Mithil467 commented 1 year ago

Sure. I noticed that when progress_bar is True, we get ZeroDivisionError. In order to fix that, I would need to know what we expect UI wise. I personally like [2] more than [1] as it gives a sense of success, but would like to know your opinions or if you want to do things differently. Hence, I have added [2] for now, let me know if it needs changes.

Consoles:

  1. image
  2. image

Notebook:

  1. image
  2. image
till-m commented 1 year ago

Personally, I prefer option 1.: The grey bar is neither failure (red) nor success (green), similarly, the processing of the empty DataFrame didn't really succeed or fail. @nalepae do you have an opinion on the matter?

Mithil467 commented 7 months ago

@till-m @nalepae If you say so, I can make the necessary changes to implement option [1]. Should I go ahead?

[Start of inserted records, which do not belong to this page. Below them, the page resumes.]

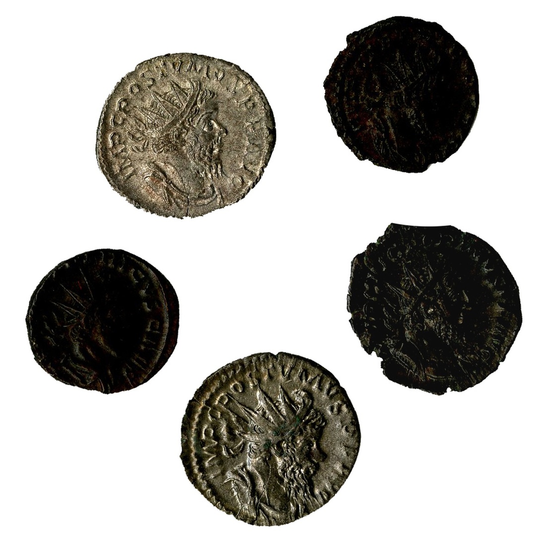 Romano-Gallic Empire. Lot of Billon Antoniniani. Postumus (260-269). Lugdunum. Revs. Emperor left, Felicitas, Fidelitas, Hercules right, Hercules left, Moneta, Providentia, Emperor right, and Victory left. RIC 54, 58, 59, 64, 67 (2), 75, 80, 83. About VF-VF; Victorinus (269-271). Cologne. Rev. Salus standing right. RIC 122 (2); Tetricus I (271-274). Cologne. Rev. Spes advancing left. RIC 136; Tetricus II (273-274). Cologne. Rev. Sacrificial implements. RIC 258; also, Palmyrene Kingdom. Vabalathus, as Augustus (270/1-272). Antioch. Rev. Aurelian bust right. RIC 381; and Roman-British Empire. Allectus (293-296/7). Londinium. Rev. Providentia left. RIC 35. Very Fine. (16)
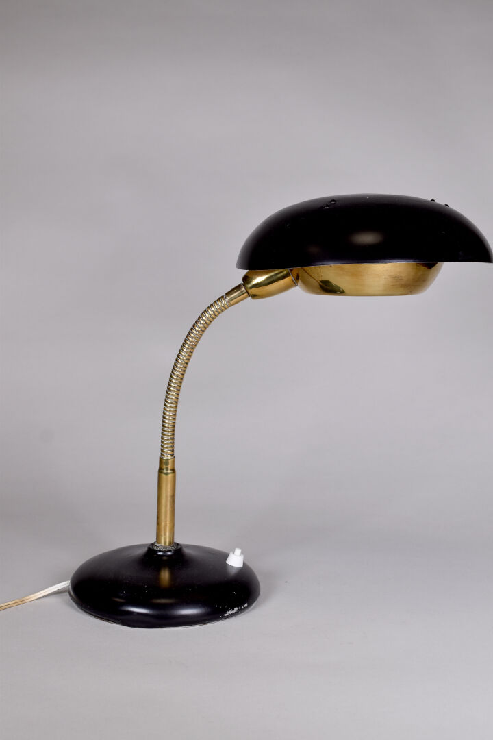 Lampe à poser en métal laqué noir et crème, le fût orientable à ressort (une légère déformation et quelques usures d’usage). Vers 1950. Haut. moyenne : 39 cm.
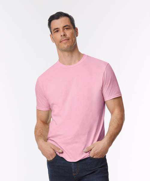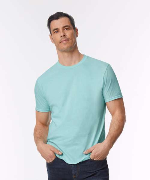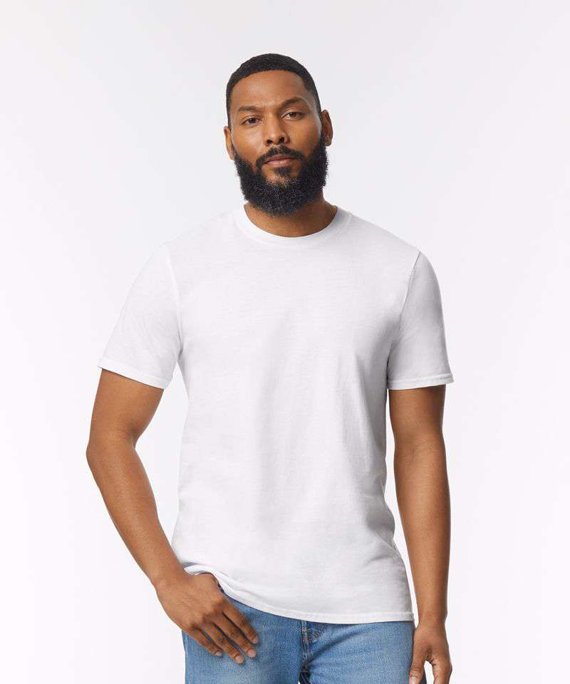 Made with our enzyme wash, soft ringspun fabric, the Softstyle™ EZ adult t-shirt features high stitch density that offers a smooth printing surface, ideal for DTG. Bio-polished fabric creates one of the smoothest print surfaces for optimal printing results. Bio-polish also creates a shirt that’s virtually pill-free, wash after wash. Soft ringspun fabric feels great against your skin. Non-topstitched, narrow width, rib collar. Taped neck and shoulders for comfort and durability. Modern classic fit, side-seamed body. High-performing black tear-away label.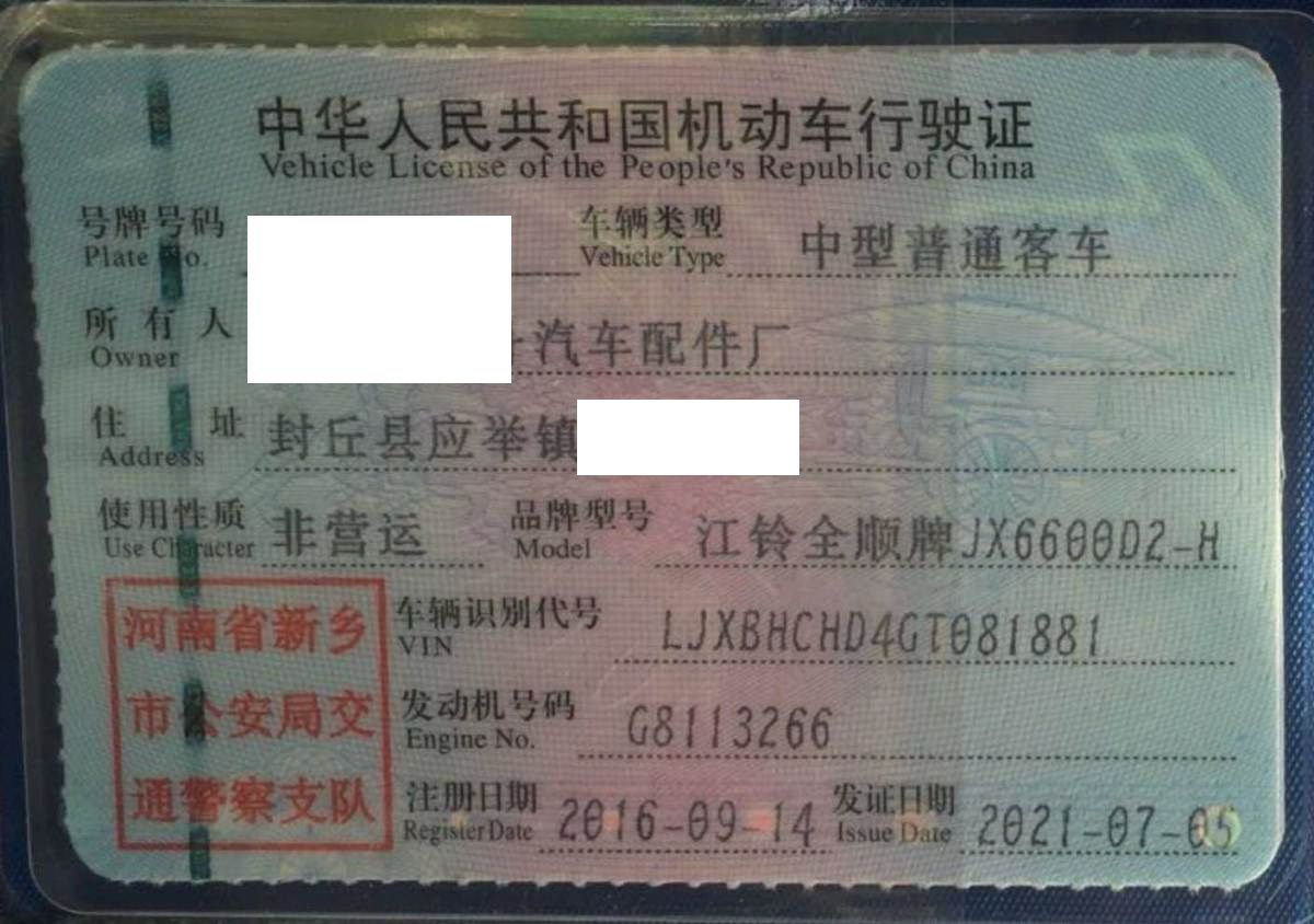 车牌号 豫****** 品牌 江铃

SiRumCz commented 5 months ago

Hi dev team, any updates on this one?

till-m commented 5 months ago

My apologies, I am not maintaining this project anymore, hence me not responding. But I can make an exception and see this PR through.

I would suggest going with [1]. @Mithil467 could you kindly ping me when/if you've implemented that?

Mithil467 commented 5 months ago

@till-m @nalepae I have implemented the progress bar change to type [1]. Please review.

nalepae commented 5 months ago

Pandaral·lel is looking for a maintainer! If you are interested, please open an GitHub issue.

till-m commented 4 months ago

Thanks for the contribution :)

Mithil467 commented 4 months ago

Thanks for the help! @till-m